O Globo
Com Agências Internacionais
Resultado surpreende Morales e é visto como duro golpe ao governo
STR / AFP
Presidente da Bolívia, Evo Morales, em discurso em Cochabamba
LA PAZ - O anúncio nesta semana dos resultados do censo feito no ano passado na Bolívia surpreendeu o presidente Evo Morales: em vez de um Estado no qual a maioria da população se considera indígena - base de várias das propostas do governo de Morales, no poder desde 2006 -, o que apareceu foi justamente o contrário. Segundo o censo, 58% dos bolivianos com mais de 15 anos de idade disseram não ter nenhum tipo de herança indígena. Em 2001, 62% dos habitantes do país afirmaram ser índios ou descendentes.
Não ficou claro ainda se houve uma mudança no modo de os bolivianos perceberem sua identidade ou se houve falhas em algum dos censos, o de 2001 ou o de 2012 - no último, a soma total da população ficou abaixo das projeções feitas anteriormente. Mais que a desconfiança nos resultados totais, chamou a atenção a existência, para especialistas locais, de um Estado mestiço. O termo “mestiço”, aliás, é considerado racista e não aparece no censo. Quem opta por não declarar-se descendente de índios entra em uma categoria comum.
‘Plurinacional’ em debate
Em 2009, seguindo a nova Constituição referendada por voto popular, o nome oficial da república boliviana mudou para Estado Plurinacional da Bolívia. A Carta garantiu uma presença mais numerosa de representantes dos chamados 36 povos originários - ou seja, os presentes na região antes da chegada dos colonizadores europeus - no Estado.
- Também fiquei surpreso, os dados anteriores eram muito diferentes - disse Morales esta semana. - Não sei se estamos em um momento de uma maior mentalidade colonizadora, é debatível.

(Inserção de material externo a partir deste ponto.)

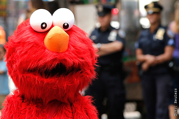 Элмо немного удивлен, он не на улице Сезам, а на Таймс-сквер, и вокруг полицейские.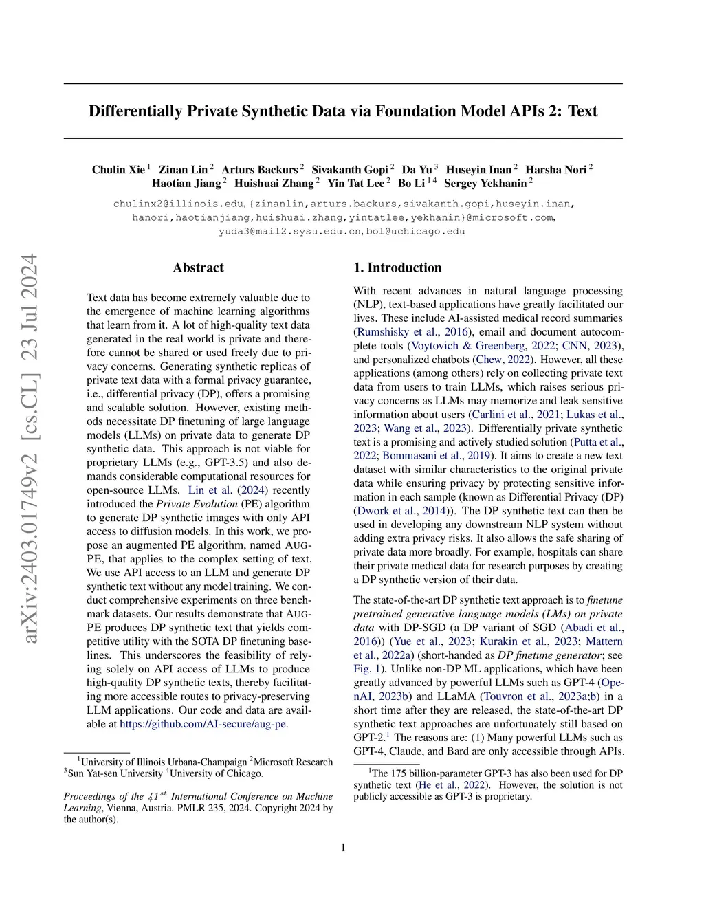 Differentially Private Synthetic Data via Foundation Model APIs 2: Text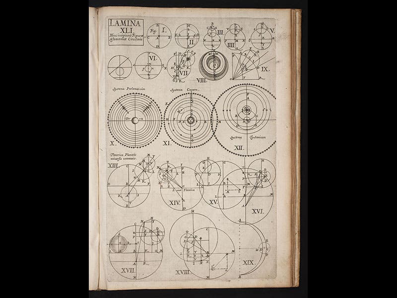 One of the plates depicts the geocentric Tychonic cosmological system (fourth image), which Caramuel, like the Jesuits, apparently favored. We can tell this because on another plate, where the Copernican and Ptolemaic cosmologies are also shown, the Tychonic on the right is made slightly larger (fifth image). On the emblematic title page (first image), the two heads of the mathematical muse at top represent Theory and Practice, and she was inspired by the emblem of the Habsburg emperor, a two-headed eagle.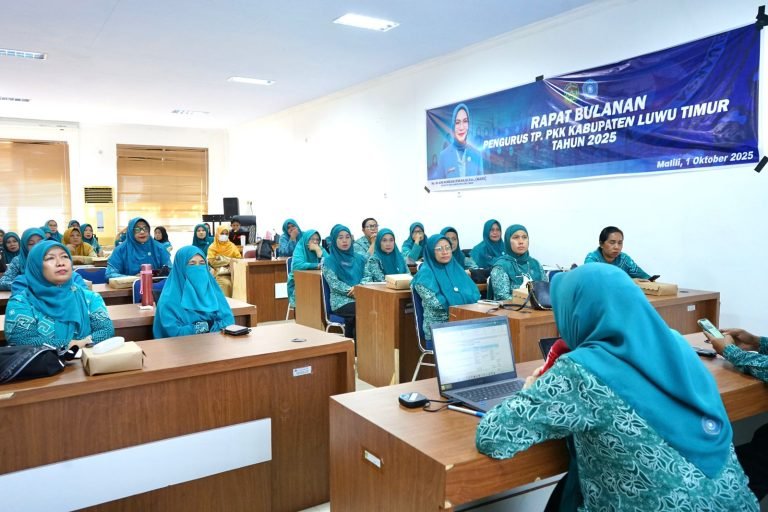 Luwu Timur, Chaneltipikor.com – Tim Penggerak PKK Kabupaten Luwu Timur (Lutim) menggelar Rapat Bulanan bersama TP PKK Kecamatan se-Kabupaten Luwu Timur di Aula Media Centre Diskominfo SP, Selasa (30/09/2025).

Mas o mais importante era saber sobre a população, a habitação, os serviços básicos - minimizou o presidente.
Para o vice-presidente da Bolívia, Álvaro García Linera, o censo de 2012 deve ser lido como “uma consolidação das nações indígenas originárias na Bolívia, assim como uma fortificante indianização da nação” em vez do surgimento de um Estado mestiço.
Já o ex-presidente Victor Hugo Cárdenas, índio aymara como Morales e um dos principais nomes da oposição boliviana, avalia que o resultado do censo pode ter a ver com fato de o governo ter decepcionado os indígenas ao reduzir a concepção de nação originária à cultura e à língua, sem território.
- O país disse a Morales que não está de acordo com sua forma de ver o indígena. O discurso do governo perde base social étnica e demonstra que é insuficiente construir um Estado Plurinacional sobre supostas maiorias - afirmou Cárdenas.